> **What the exercise asks**: Pictures stay out. Extract the lines below from the first one through the line with "Hlc.Me Audrey Embroidered", both included.

> **Dataset excerpt**:
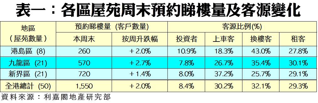 利嘉閣地產研究部主管陳海潮表示,現時市場氣氛較為平穩,買家置業意欲仍然不俗,而一手市場欠缺焦點,資金續在二手市場覓盤,周末預約睇樓客量輕微上升。根據利嘉閣地產研究部數據估算,全港50個指標屋苑共錄1,550組客戶於周末預約睇樓,按周上升2.0%。二手樓價高企不下,普遍屋苑缺乏平價筍盤,而業主屬較為強勢一方,買家入市或需進一步調高出價。
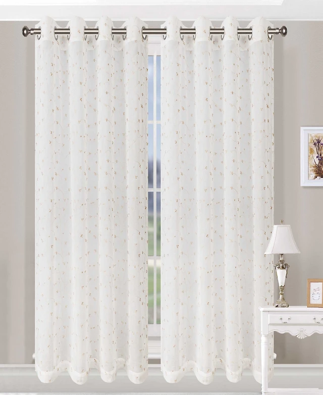 Hlc.Me Audrey Embroidered Premium Soft Decorative Sheer Voile Light Filtering Grommet Window Treatment Curtain Drapery Panels For Bedroom Living Room Set Of 2 Panels
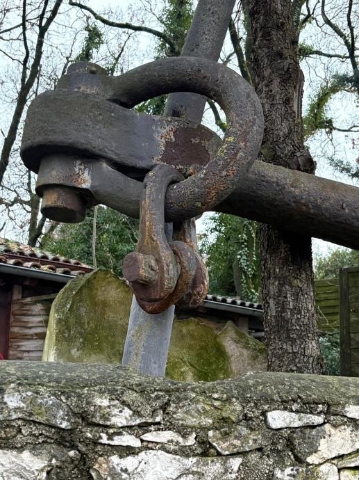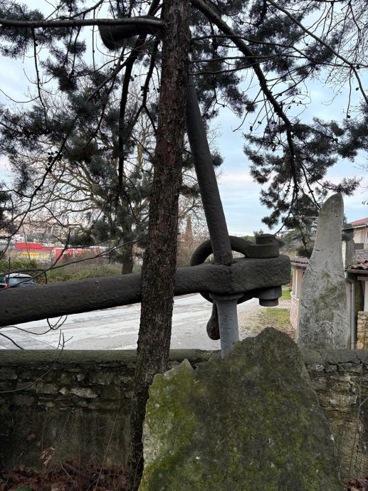 Staro veliko austrougarsko antikno sidro dužina 330 cm, širina prečke 330 cm, vrlo masivno i teško.

> **Completed task**:
 利嘉閣地產研究部主管陳海潮表示,現時市場氣氛較為平穩,買家置業意欲仍然不俗,而一手市場欠缺焦點,資金續在二手市場覓盤,周末預約睇樓客量輕微上升。根據利嘉閣地產研究部數據估算,全港50個指標屋苑共錄1,550組客戶於周末預約睇樓,按周上升2.0%。二手樓價高企不下,普遍屋苑缺乏平價筍盤,而業主屬較為強勢一方,買家入市或需進一步調高出價。
 Hlc.Me Audrey Embroidered Premium Soft Decorative Sheer Voile Light Filtering Grommet Window Treatment Curtain Drapery Panels For Bedroom Living Room Set Of 2 Panels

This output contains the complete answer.